Burkina Faso’s first homegrown jihadist group was formed in 2016 in the north. Its leader, Malam Ibrahim Dicko, was known for delivering political sermons on how the state had abandoned people, and for critiquing inequality between social classes.

However, the social and local roots of the crisis became overlooked as narratives centred on the transnational nature of jihadism, and as the government and its Western partners focused on military campaigns.

As the conflict worsened, some donors spoke of the need for better governance on top of military initiatives. But no donor nation proposed the kind of wealth transfers that might help the state build legitimacy and roll out substantial welfare programmes.

Like most colonised countries, Burkina Faso was integrated into the global economy on subordinate terms as an exporter of cheap labour and raw materials. External factors have made that legacy hard to overcome.

A pro-poor government did emerge in the 1980s under the pan-African revolutionary leader Thomas Sankara.
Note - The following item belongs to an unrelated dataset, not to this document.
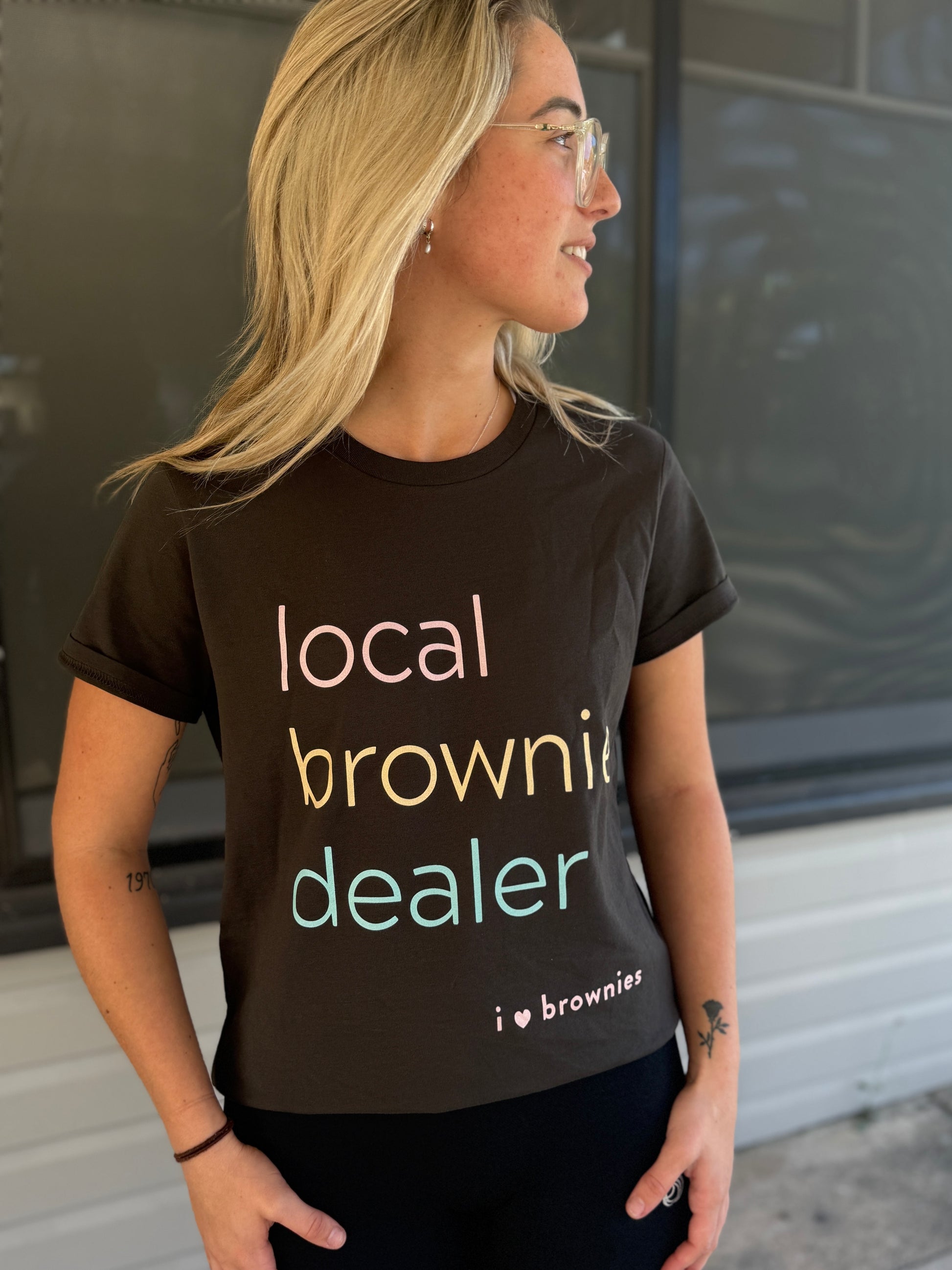 Say hello to our Local Brownie Dealer tee — the comfiest way to show your sweet allegiance and let everyone know where the real goods come from.

He tried to sever the country from exploitative global capitalism but was assassinated in a coup that France is suspected to have supported.

Authoritarian coup leader Blaise Compaoré ruled for the next 27 years, usually in close concert with Western governments and international financial institutions leery of Sankara’s socialist policies.

A popular uprising eventually brought Compaoré down in 2014, but the dismantling of his intelligence and security network weakened the state and partially contributed to the insurgency that followed.

Late last year, Burkinabé photographer Warren Saré, working alongside Italian reporter Giulia Tringali, spent time documenting the lives of the city’s displaced people, who live in informal settlements, with host families, in rented buildings, and some in tents.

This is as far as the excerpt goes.